A religious speaker confronts students about their life-styles and beliefs in the Free Speech Area, provoking some anger and aggression. Roe Borunda / The Collegian

Taking a closer look at the Free Speech Area

A religious speaker confronts students about their life-styles and beliefs in the Free Speech Area, provoking some anger and aggression.
Roe Borunda / The Collegian

One of the most visible areas on campus is the Free Speech Area, which is available to students, organizations and others to spread their messages to the public.

Only university organizations and students can reserve use of the Free Speech Area platform, but if it isn’t reserved, it is open to use by anyone.

Associated Students Inc. funded the platform in May 2002.

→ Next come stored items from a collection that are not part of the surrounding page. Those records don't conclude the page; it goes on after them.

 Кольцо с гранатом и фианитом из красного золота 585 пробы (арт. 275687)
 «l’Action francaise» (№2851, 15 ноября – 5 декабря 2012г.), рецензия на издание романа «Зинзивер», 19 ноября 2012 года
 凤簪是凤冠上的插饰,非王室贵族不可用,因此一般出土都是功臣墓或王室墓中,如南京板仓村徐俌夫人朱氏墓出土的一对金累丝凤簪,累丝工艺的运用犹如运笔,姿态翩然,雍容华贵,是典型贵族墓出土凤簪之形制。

The platform is managed by ASI’s Student Involvement office. The Free Speech Area runs from the brick wall at the east end of Taco Bell and continues westward to the main entrance of the Henry Madden Library. A straight line from the library entrance to the University Center forms the southern edge of the Free Speech Area, and it continues north, ending at the row of planters located on the walkway, according to Student Involvement guidelines.

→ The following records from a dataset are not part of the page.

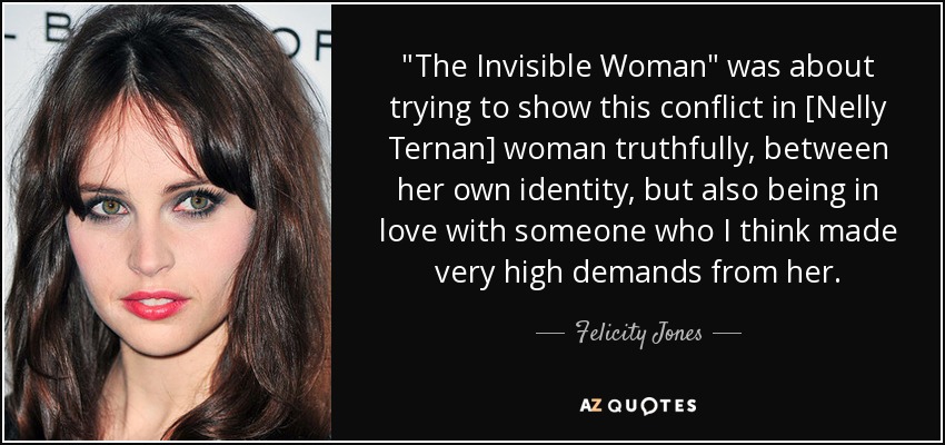 "The Invisible Woman" was about trying to show this conflict in [Nelly Ternan] woman truthfully, between her own identity, but also being in love with someone who I think made very high demands from her.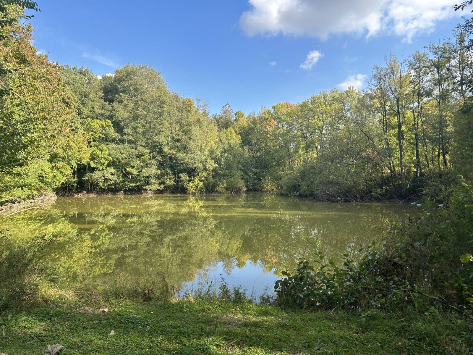 Un écrin de biodiversité sur 7 hectares Plongez dans un domaine boisé de 7 hectares, peuplé d’essences variées (frênes, charmes, sycomores, chênes, peupliers…). Deux plans d’eau, anciens bassins de carrière de grès, y abritent une faune protégée : oies bernaches, grenouilles vertes, carpes de grande taille… La chasse y est également possible, avec la présence de chevreuils, lièvres et perdreaux.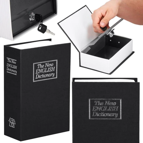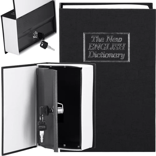 Книга-сейф от польского бренда Springos - это практичный и оригинальный аксессуар для хранения мелких ценностей, таких как банкноты, монеты, документы, ключи или носители информации с важными данными. Ее особенностью является то, что она имитирует книгу - английский словарь, такой стиль позволит естественно расположить ящик на книжной полке или комоде, не привлекая внимание посторонних людей. Кешбокс от Springos имеет дизайн с жесткой обложкой украшенный посеребренной надписью на лицевой стороне (имитирующей обложку книги) и на боковой (имитирует ее корешок). Стенки изделия изготовлены из стали, а запирается и открывается он на ключ. Механизм с замком установлен на внутренней обложке, которая открывается подобно титульной странице книги. В комплект входят два ключа. Такой нестандартный гаджет можно использовать дома, офисе или во время путешествий, чтобы защитить ваши ценные вещи.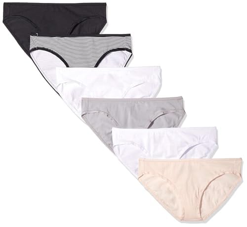 Amazon Essentials Women's Bikinitrosor underkläder i bomull (finns i plusstorlek), Pack of 6, Grundfärger, L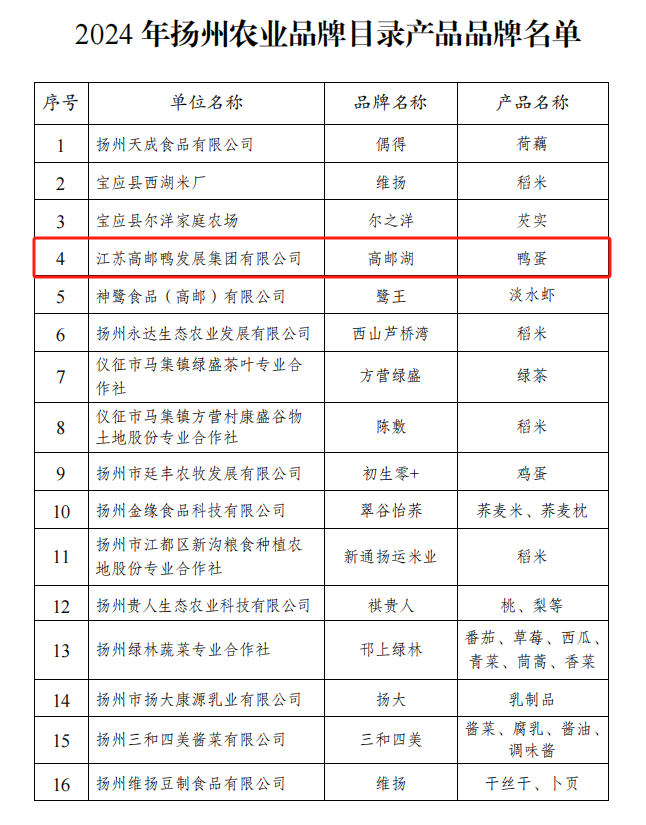 近日,揚(yáng)州市農(nóng)業(yè)農(nóng)村局公布了2024年揚(yáng)州農(nóng)業(yè)品牌目錄名單,高郵鴨集團(tuán)“高郵湖”品牌鴨蛋成功入選目錄名單。

Josh Edrington, a coordinator at Student Involvement, said the public is not limited to staying in that specific area. Most speakers use the Free Speech Area because of its heavy foot-traffic.

Students, organizations, faculty or anyone coming from off campus must obtain a permit from Student Involvement, and notify the campus of the date and time that a space will be used. The reservation system is used to avoid conflict between those who would like to use the platform.  Student Involvement regularly provides priority to students or any organization with an affiliation to Fresno State, Edrington said.

All reservations go through the review of the University Police Department to determine if the event will need any police presence.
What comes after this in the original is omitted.